Raw data:
——

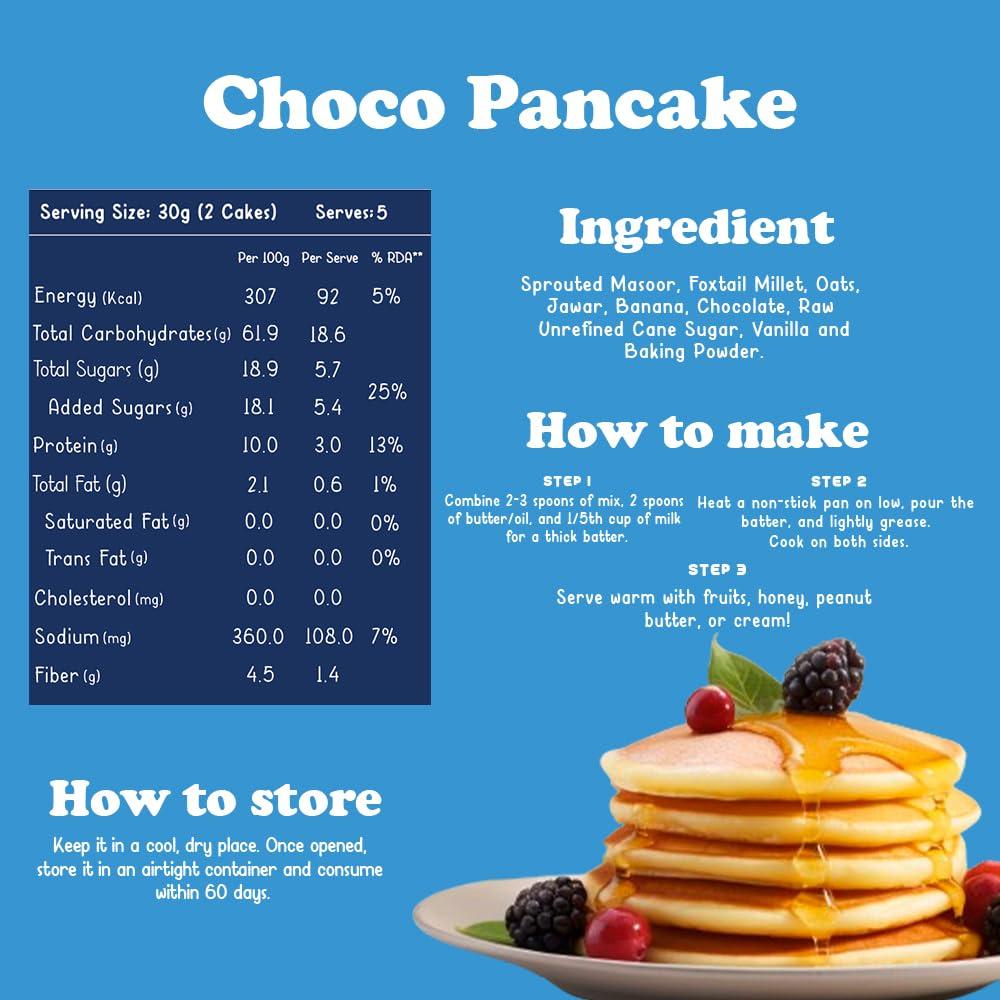 High Protein: Our Choco Banana Pancakes are made of sprouted millets, providing 3 g of protein per serving.
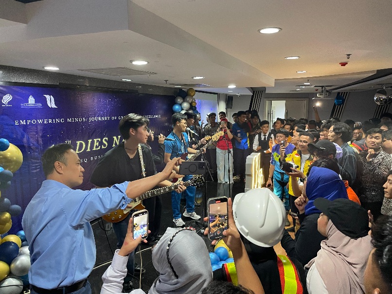 Moment yang digelar setiap tahunnya itu, kali ini mengusung tema "Empowering Minds: Journey of Growth and Excellence" dengan dekorasi yang super duper elegan, eye catching, classy (perpaduan warna dengan nuansa biru, gold, abu-abu). Di fasilitasi juga photobox secara gratis.
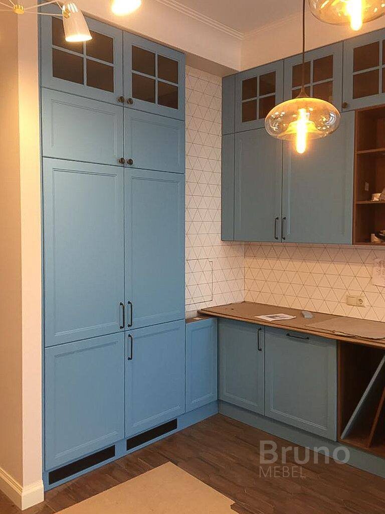 Дизайн-проект этой минималистичной и в то же время элегантной кухни создавался по индивидуальному запросу нашего клиента. Кухня состоит из: ⁃ множества шкафчиков, которые позволяют организовать хранение посуды и кухонных принадлежностей; ⁃ удобной кладовой для хранения круп и солений и т.д; ⁃ качественной деревянной столешницей, за которой будет приятно проводить время во время готовки; ⁃ антресоли, добавляющей стильный акцент и дополнительное пространство для хранения. Эта кухня идеально подходит для создания уютной атмосферы в доме, а ее гармоничные линии и глубокий синий цвет добавляют шарма и стиля. Вам будет приятно готовить в таком просторном и функциональном пространстве! Для заказа и консультации обращайтесь по номерам; - 8 (800) 700 79 08 - СПБ и Ленобласть - 8 (495) 008 17 28 - Москва и область

——

Required work: Transcribe the data exactly, minus any images.

Task solution:
 High Protein: Our Choco Banana Pancakes are made of sprouted millets, providing 3 g of protein per serving.
 Moment yang digelar setiap tahunnya itu, kali ini mengusung tema "Empowering Minds: Journey of Growth and Excellence" dengan dekorasi yang super duper elegan, eye catching, classy (perpaduan warna dengan nuansa biru, gold, abu-abu). Di fasilitasi juga photobox secara gratis.
 Дизайн-проект этой минималистичной и в то же время элегантной кухни создавался по индивидуальному запросу нашего клиента. Кухня состоит из: ⁃ множества шкафчиков, которые позволяют организовать хранение посуды и кухонных принадлежностей; ⁃ удобной кладовой для хранения круп и солений и т.д; ⁃ качественной деревянной столешницей, за которой будет приятно проводить время во время готовки; ⁃ антресоли, добавляющей стильный акцент и дополнительное пространство для хранения. Эта кухня идеально подходит для создания уютной атмосферы в доме, а ее гармоничные линии и глубокий синий цвет добавляют шарма и стиля. Вам будет приятно готовить в таком просторном и функциональном пространстве! Для заказа и консультации обращайтесь по номерам; - 8 (800) 700 79 08 - СПБ и Ленобласть - 8 (495) 008 17 28 - Москва и область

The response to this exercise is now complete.